Solženicjn, nel suo romanzo Arcipelago Gulag, scrive che la linea del bene e del male attraversa il cuore di ognuno e che, nel corso della vita, quella linea si sposta tanto che un uomo può arrivare a diventare completamente un’altra persona, perché dal bene al male ci sta la distanza di un unico passo. Ma quando però un peccato è davvero un male? E quando invece non lo è?

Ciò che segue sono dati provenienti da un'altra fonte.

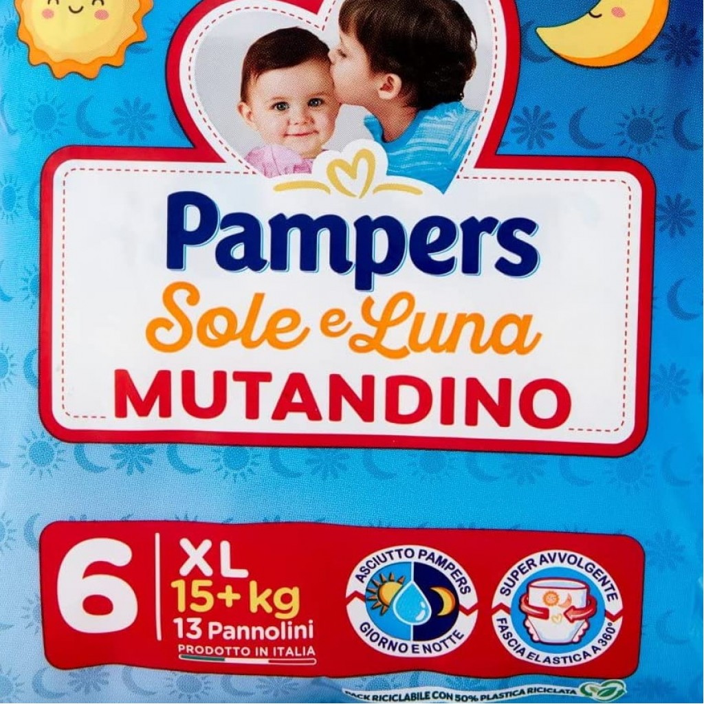 Pampers Sole E Luna Mutandino 13 Pannolini Taglia 6 Xl Extra Large 15+ Kg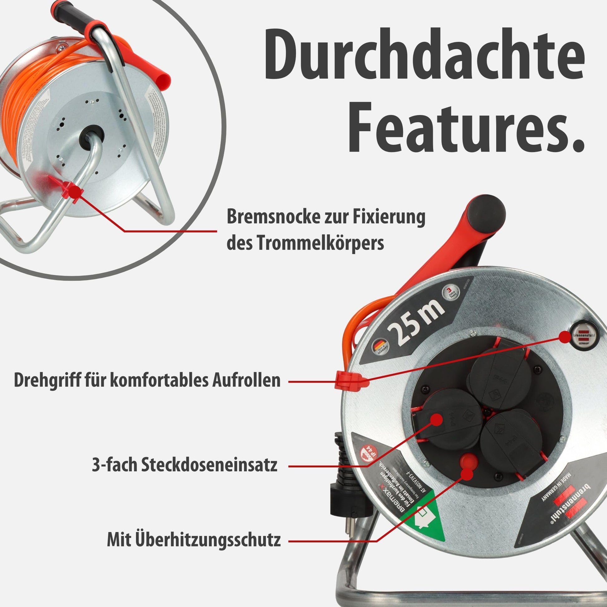 Für maximale Sicherheit verfügt die Trommel über einen Überhitzungsschutz mit Kontrollleuchte, der bei Überlastung die Stromzufuhr unterbricht. Zudem schützen drei spritzwassergeschützte Steckdosen mit selbstschliessenden Deckeln Ihre Geräte. Die maximale Belastbarkeit beträgt im aufgerollten Zustand ca. 1000 Watt und im voll abgerollten Zustand bis zu 3500 Watt.
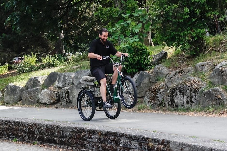 The manual provides detailed instructions on adjusting brake tension and alignment. Properly adjusted brakes ensure responsive stopping power. Ignoring brake maintenance can lead to accidents; prioritize this crucial safety check before each ride.

Gli ebrei utilizzano diverse espressioni per indicare il peccato e una di queste è mancare il bersaglio, inciampare e sostengono che un peccato chiami l’altro, per cui chi ha peccato una volta peccherà ancora. Ma chi lo sa se poi è davvero così? Alcuni peccano una sola volta, altri più spesso, altri praticamente mai, alcuni solo col pensiero, altri reiterano all’infinito mentre i più forti resistono, ma non possiamo essere tutti Jedi, in fondo. Alcuni devono essere Sith affinché ci sia equilibrio nella Forza.
Il peggiore dei peccati
Borges ha detto che il peggiore dei peccati è quello di non essere felici.
Credo che avesse ragione più di tutti gli altri.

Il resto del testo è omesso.